Spanish speakers across the Caribbean exclaim “¡Qué vaina!” when describing ‌an annoyance, a situation or a predicament. But the saying is especially versatile in Venezuelan slang, where it can be used to refer to anything from objects to people — the possibilities are endless. Increasingly, you hear that idiosyncrasy in Ciudad Juárez, ‌Mexico; in Texas and Florida; and even in shelters and schools in New York City as Venezuelan asylum seekers settle in the United States.

Castellano, or Castilian, emerged from Latin in Castile, Spain, during the 12th century. Later, Spanish colonizers brought it to the Americas, where it became known as Español, reaching confines as remote as the Philippines and Equatorial Guinea. Along the way, it overpowered numerous Indigenous tongues. Today the Spanish language is the fourth-most-spoken language in the world, and it is the most common language spoken in the United States after English.
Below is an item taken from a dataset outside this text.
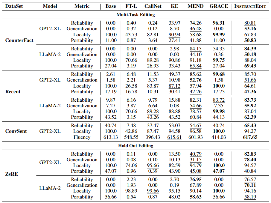 多任务编辑结果:下表表中展示了相应结果。FT-L和CaliNet保持了原始模型的完整性,因此拥有高局部性,但它们在其他指标上的表现却明显不足。修改模型参数的编辑方法,如KE和MEND,在性能上超过了以前的编辑方法。MEND和KE在所有指标上表现优异,实现了可靠性和局部性之间的平衡。这归因于它们的优化目标限制了更新范围,使编辑器能够在保持模型稳定性的同时调整参数。我们可以观察到,InstructEdit通过指令引导方法提高了编辑精度和控制能力,在分布内的数据集上达到了超过MEND和KE等方法的效果。

Venezuelans are but the latest wave of migrants to invigorate American Spanish. Beginning in the late 1800s, waves of Spanish-speaking migrants have come from places like Cuba, El Salvador and Nicaragua. Then there are the Mexican populations that lived here long before the United States claimed their land and residents of Puerto Rico who moved to the mainland after the island’s annexation.

Each wave infused American Spanish with local flavor. That’s partly because the language spoken in each country has unique characteristics, at the national and the regional level. In Argentina, for instance, people use “vos” instead of “tu” for the second person, and there is an abundance of shushing sounds.